An Interview with Dr. Frances Levine
Writing From Both Sides
Writing from Both Sides
An Interview with Dr. Frances Levine by Kate Nelson
October 22 | 5:30pm
New Mexico History Museum Auditorium
113 Lincoln Avenue, Santa Fe, NM
Reception at event with pass hors d’oeuvres and alcoholic beverages
Ticket options are $50 for general admission, or $75 including signed copy of book.
ABOUT THE EVENT
This event is co-sponsored by HSFF, SAR, and NMHM.
The Santa Fe Trail can be viewed as a nation-changing east-to-west trade corridor, but a deeper history lies along its path. In recent and ongoing research, Dr. Frances Levine details the long-overlooked stories of women and children who also traveled the trail. They were teachers and nuns, African Americans and Jewish, captives and orphans, diarists and writers, Army and merchants’ wives. Through marriages, businesses, and educational institutions, they forged a living link between Santa Fe and St. Louis.
In this special program, Dr. Frances Levine, author of Crossings: Women on the Santa Fe Trail, and writer and editor Kate Nelson will highlight the stories of a few of these remarkable women and their contributions to a shared history. In ways both tragic and triumphant, their stories reveal how the Trail transformed the histories of New Mexico and Missouri. The book just won the Gaspar Pérez de Villagrá award from the NM Historical Society.
Illustrated left: The cover of Dr.
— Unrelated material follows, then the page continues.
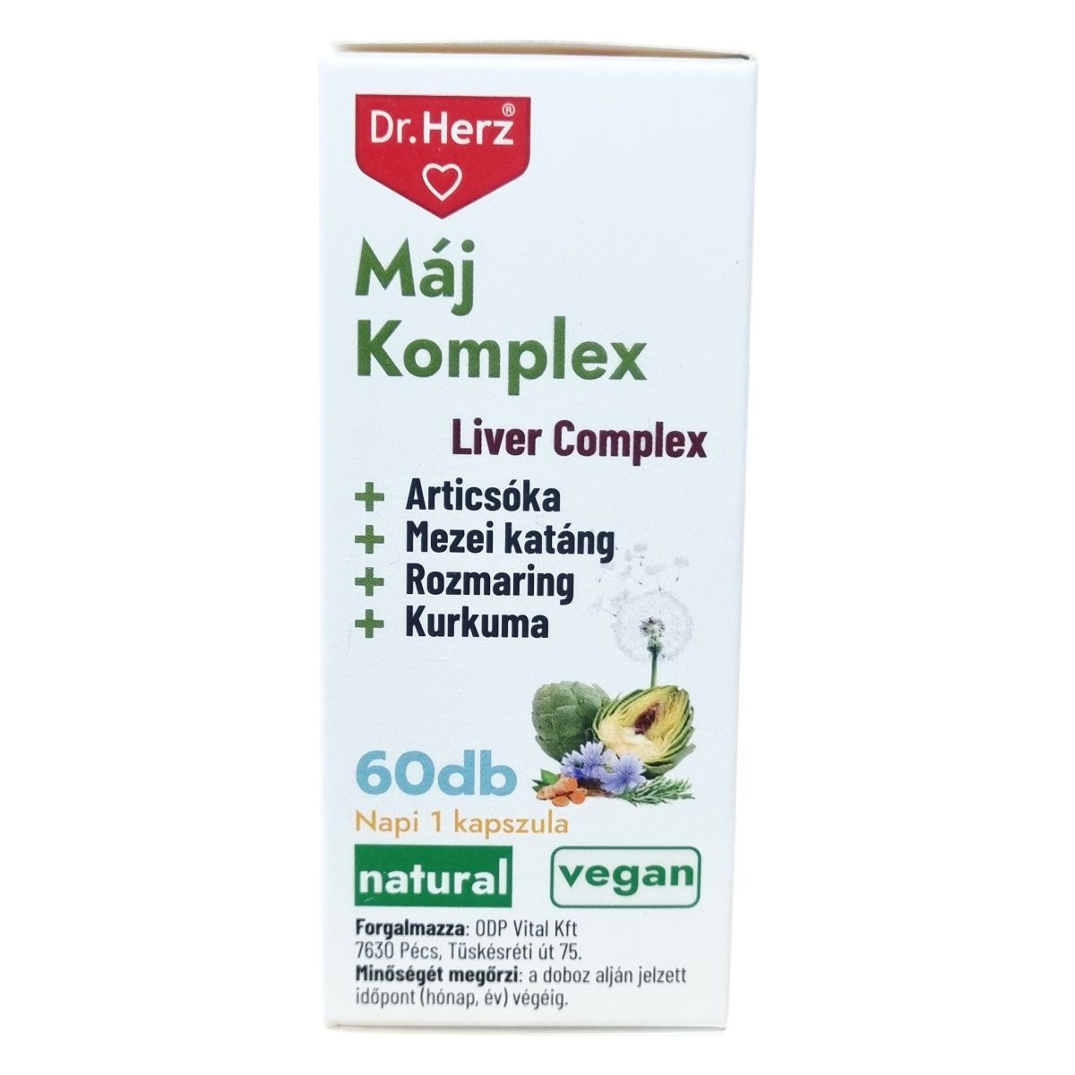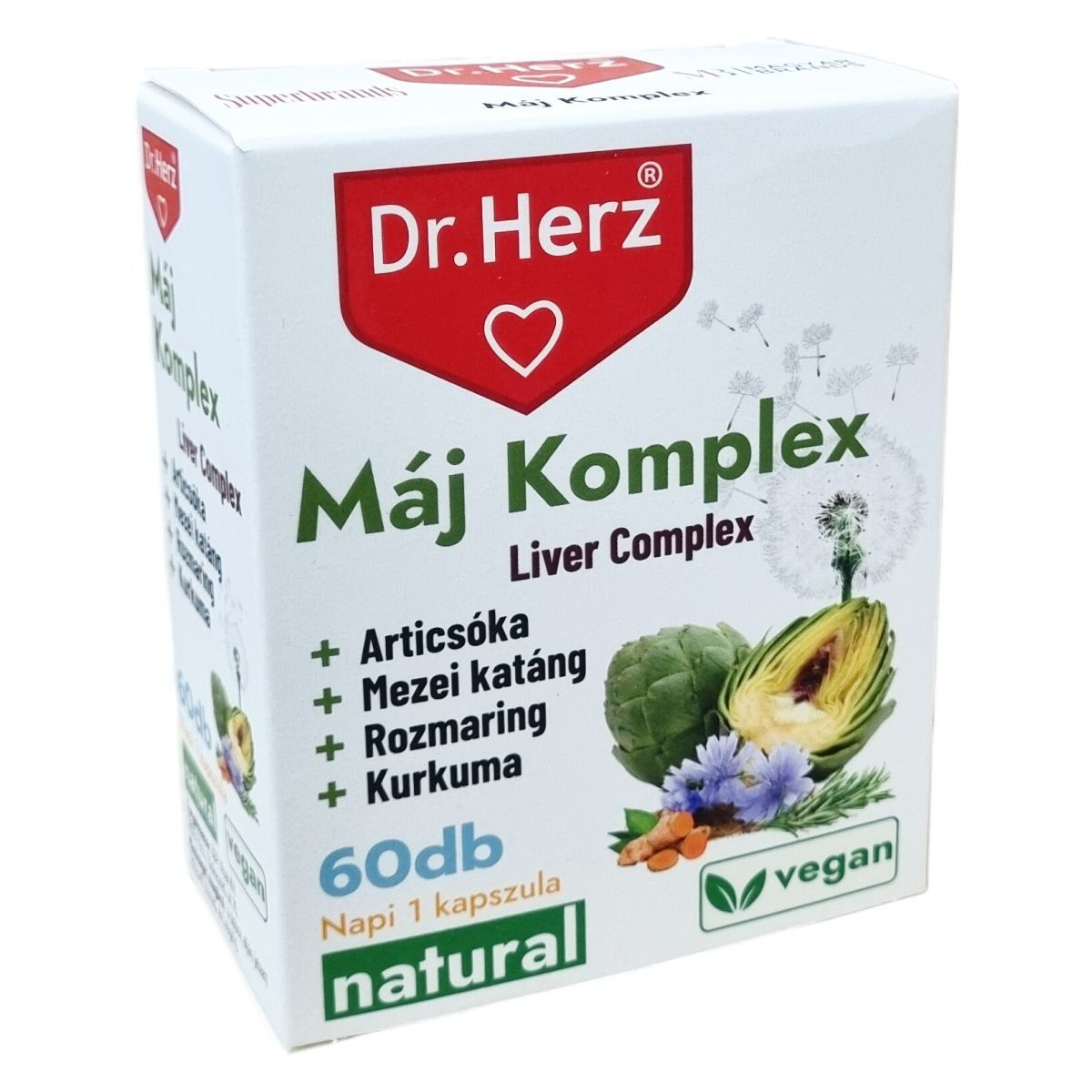 A Dr.Herz® Máj Komplex egy természetes összetevőkből álló étrend-kiegészítő kapszula, amely 60 darabos kiszerelésben kerül forgalomba. Hatóanyagai között szerepel az articsóka, amely támogatja a máj és epe működését, valamint serkenti az epe termelését. A mezei katáng, rozmaring, kurkuma és pitypang gyökér hozzájárulhat az anyagcsere folyamatokhoz. A máriatövis antioxidáns hatása révén segítheti a máj regenerációját, míg a B6-vitamin részt vesz a normál fehérje- és glikogén-anyagcserében, a vörösvérsejt-képződésben és az immunrendszer támogatásában. A termék vegán összetételű, napi egy kapszula fogyasztása javasolt főétkezések előtt. A kapszula növényi eredetű héjjal készül, és mentes minden állati eredetű összetevőtől.
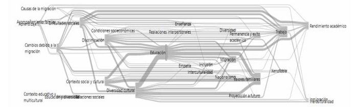 De la misma manera, se evidencian también relaciones menos mediadas por la educación como; las que se dan entre las causas de la migración, el trabajo de los padres de familia migrantes, su acompañamiento y el rendimiento académico. Otro aspecto a tener en cuenta de manera preliminar, es la relación de cercanía que se da entre el código de discriminación, las condiciones socioeconómicas de los migrantes y el reconocimiento de la diversidad cultural. Por último, en este análisis preliminar, es posible mencionar las relaciones de proximidad entre los códigos: migración, empatía, inclusión e interculturalidad que se desarrollan con detalle más adelante.

Levine’s new book Crossings: Women on the Santa fe Trail.
ABOUT THE AUTHOR
Dr. Levine has had a distinguished career as a museum executive leader at both ends of the trail. She is a resident of St. Louis and has lived in Santa Fe since 1976. She began her career in Santa Fe as an archaeologist for the National Park Service followed by three years at the Bureau of Land Management in Santa Fe. She served as Division Head for Arts and Sciences at Santa Fe Community College until 2002, and then as Director of the Palace of the Governors/ New Mexico History Museum from then until she moved to St. Louis in 2014. Dr. Levine was the President and CEO of the Missouri Historical Society and Missouri History Museum from spring 2014 until summer 2022. Then spent a year as the Interim Executive Director of the Kaplan Feldman Holocaust Museum until November 2023. A native of Connecticut, Frances received her B.A. in Anthropology from the University of Colorado, Boulder, and her M.A. and Ph.D. in Anthropology from Southern Methodist University, Dallas.
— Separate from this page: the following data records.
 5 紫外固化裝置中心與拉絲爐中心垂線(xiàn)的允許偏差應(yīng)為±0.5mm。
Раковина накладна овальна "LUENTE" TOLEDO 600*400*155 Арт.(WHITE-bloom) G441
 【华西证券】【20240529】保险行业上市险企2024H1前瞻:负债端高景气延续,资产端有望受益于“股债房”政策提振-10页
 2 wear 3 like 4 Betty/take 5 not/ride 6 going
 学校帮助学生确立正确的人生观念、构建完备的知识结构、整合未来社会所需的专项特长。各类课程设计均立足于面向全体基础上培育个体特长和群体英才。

Dr. Levine is the author, co-editor or contributor to several award-winning books including Our Prayers Are in This Place: Pecos Pueblo Identity over the Centuries (1999, UNM Press), Through the Lens: Creating Santa Fe (2008 MNM Press, with MaryAnne Redding and Krista Elrick), and Telling New Mexico: A New History (2009 MNM Press, with Marta Weigle and Louise Stiver) as well as a chapter in All Trails Lead to Santa Fe (2010 with Gerald Gonzalez, Sunstone Press), Frontier Battles and Massacres: Historical and Archaeological Perspectives. (With Ron Wetherington, editors, University of Oklahoma Press, Norman, 2014) and Doña Teresa Confronts the Spanish Inquisition: A Seventeenth Century New Mexican Drama (University of Oklahoma Press, Norman, 2016) which won a Southwest Book Award by the Border Regional Library Association. Crossings just won the NM Book award in History.
ABOUT THE INTERVIEWER
Kansas native Kate Nelson attended a grade school built right next to the Santa Fe Trail. Her teachers said you could still see the wagon ruts, but even at a young age, she could divine the distance between legend and fact. That skill suited her well in a journalism career initially focused on politics, community, and justice; more recently on history, art, and culture. When Frances Levine hired her as the New Mexico History Museum’s marketing director, neither could predict they would become fast friends and occasional writing partners. Most recently, they collaborated on a time-traveling feature story for New Mexico Magazine that visited women past and present along the trail. (You can read it here: Uncovering Women's Stories on the Santa Fe Trail)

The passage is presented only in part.